LET ME KNOW WHAT YA THINK. IF YOU LIKE IT PLEASE LIKE AND SUBSCRIBE.


----------



## Bonesonthebrain (Jan 2, 2020)

The boat has under gunnel fly rod holders for a reason.


----------



## Catchingfl (Oct 31, 2018)

Bonesonthebrain said:


> The boat has under gunnel fly rod holders for a reason.


i know, but i like to keep the rod out with line in the stripping basket incase i see one coming. Gotta be ready.


----------



## Smackdaddy53 (Dec 31, 2012)

I can never get this type of video to load. Do you have a YouTube link?


----------



## Catchingfl (Oct 31, 2018)

Smackdaddy53 said:


> I can never get this type of video to load. Do you have a YouTube link?
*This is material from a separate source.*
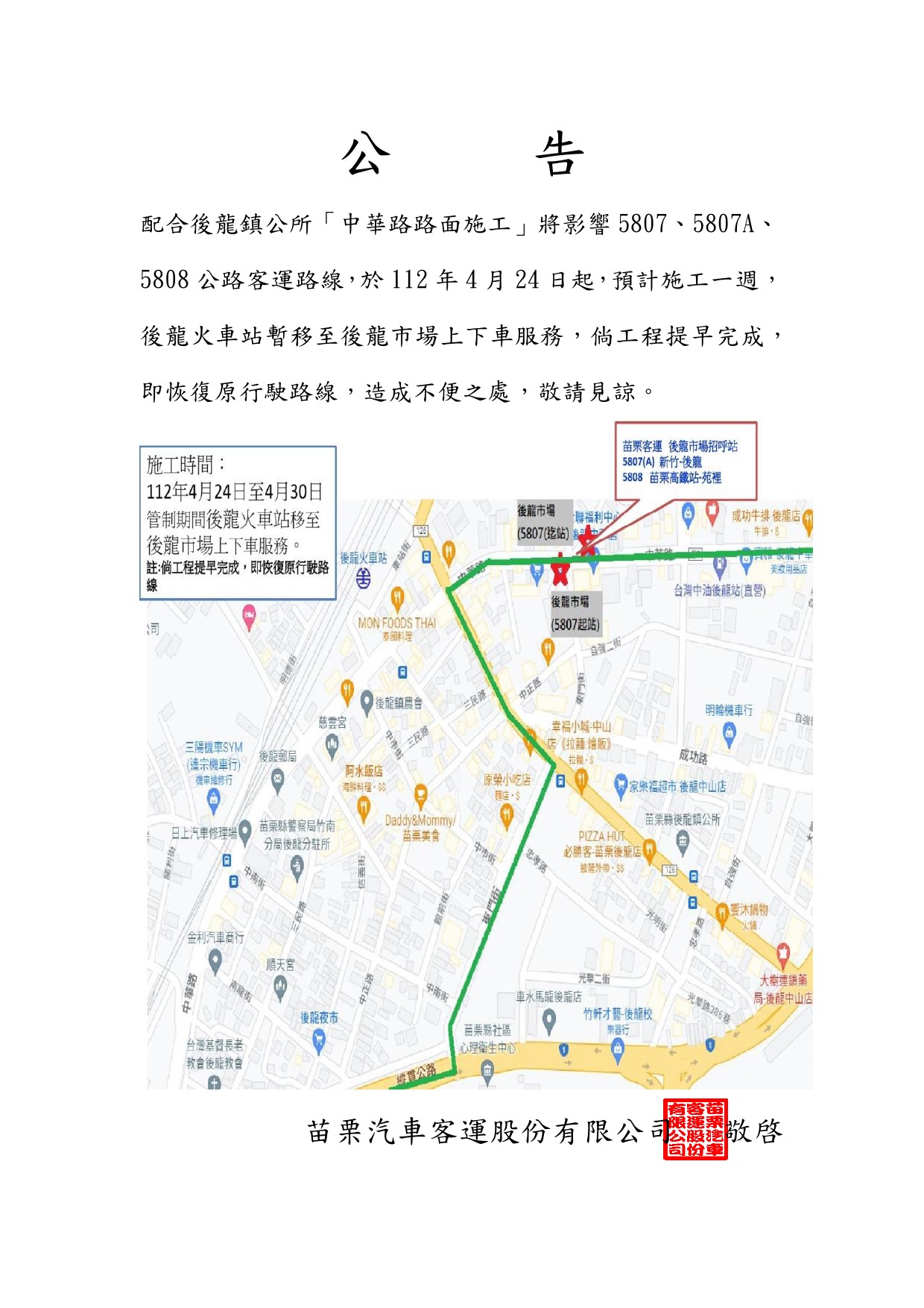 【後龍鎮中華路路面施工】5807.5808等路線調整通知

yes here it is thanks for watching.


----------



## Capnredfish (Feb 1, 2012)

It’s completely sealed you said. Well it looks like your girl will be completely sealed tonight. Little rough on her. Put some of that crap away.


----------



## Capnredfish (Feb 1, 2012)

Nice fish though


----------



## Catchingfl (Oct 31, 2018)

Capnredfish said:


> Nice fish though


thank you, i probably could have reacted a little better. Its just a small boat not a lot of storage.


----------



## Capnredfish (Feb 1, 2012)

Having a good woman that likes to go out on the boat and flats fish is nice to have as a partner. Treat her well. Ok enough advice.


----------



## Catchingfl (Oct 31, 2018)

Capnredfish said:


> Having a good woman that likes to go out on the boat and flats fish is nice to have as a partner. Treat her well. Ok enough advice.


lol i wouldn't say she likes it, more like tolerates it haha, but thank you


----------